[TASK TO CARRY OUT] Only the lines from the one containing "ヒーロー風カッコイイあだ名 | 『究極戦士パーフェクトヒューマン』 |" through the end of the listing belong in the answer, repeated exactly, with no pictures.

[EXERCISE DATA]
——
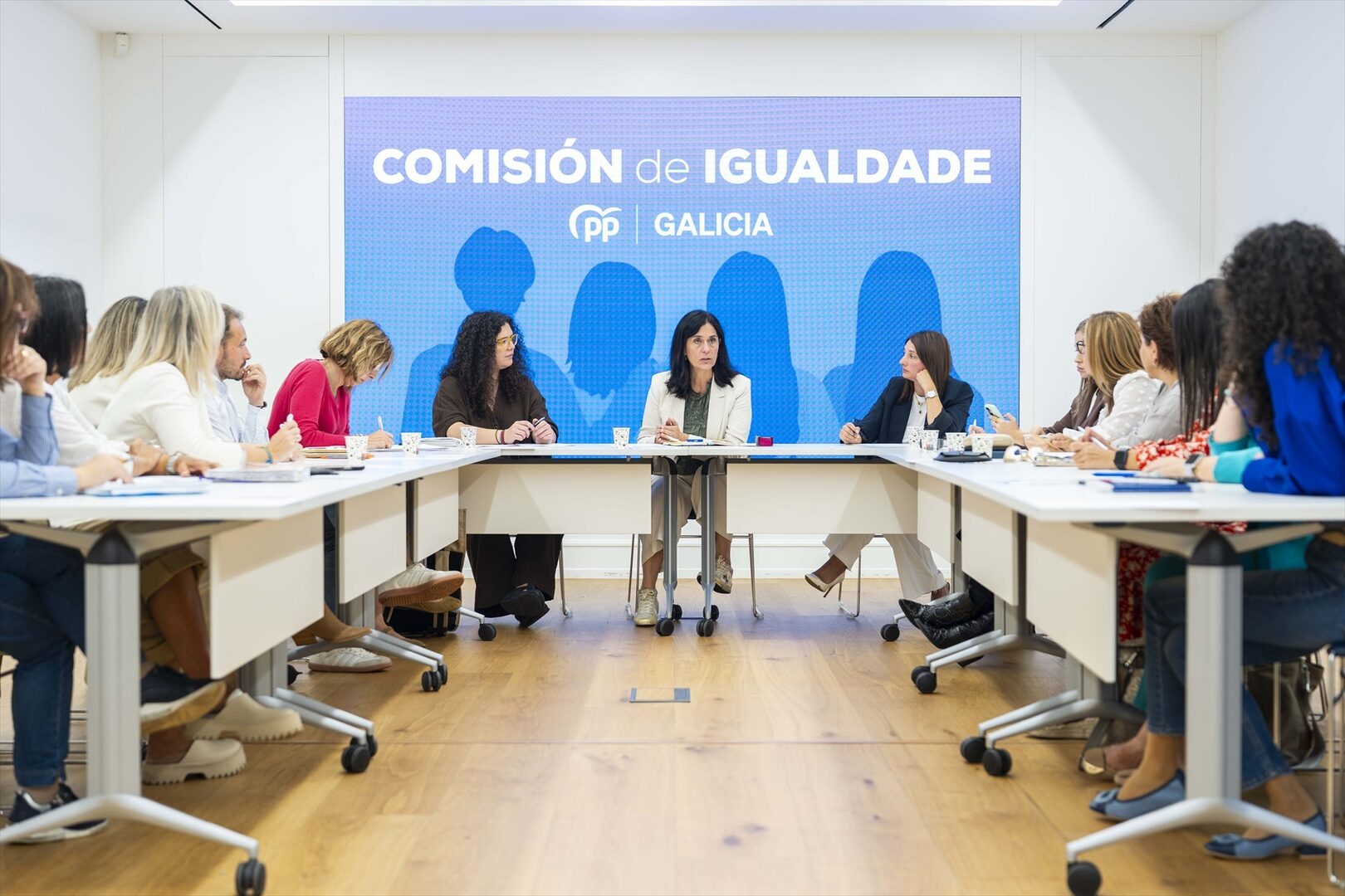 La secretaria xeral del PPdeG, Paula Prado, la responsable de Promoción da Igualdade en el Gobierno gallego, María Quintiana; y la coordinadora de la Comisión de Igualdade del partido, Raquel Touriño, han reunido este lunes a la comisión, en la víspera del Día Internacional contra la Explotación Sexual y la Trata de Personas.
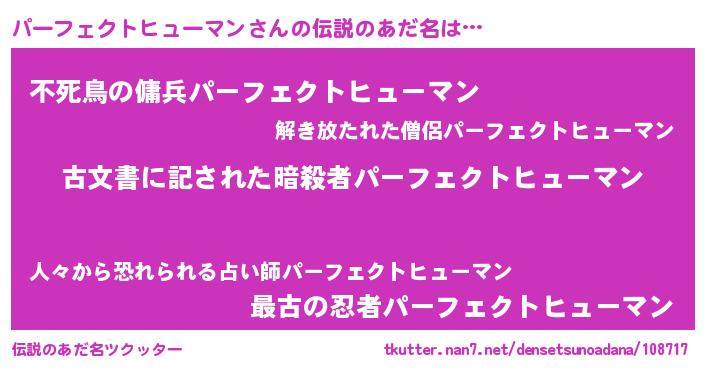 | ヒーロー風カッコイイあだ名 | 『究極戦士パーフェクトヒューマン』 |
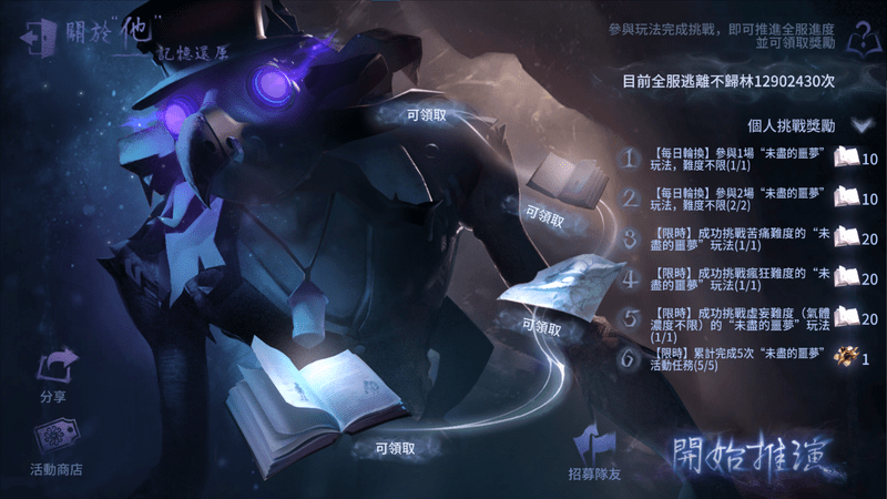 | 【限時】累計完成5次“未盡的噩夢”活動玩法任務 |
——
[WRITTEN SOLUTION]
 | ヒーロー風カッコイイあだ名 | 『究極戦士パーフェクトヒューマン』 |
 | 【限時】累計完成5次“未盡的噩夢”活動玩法任務 |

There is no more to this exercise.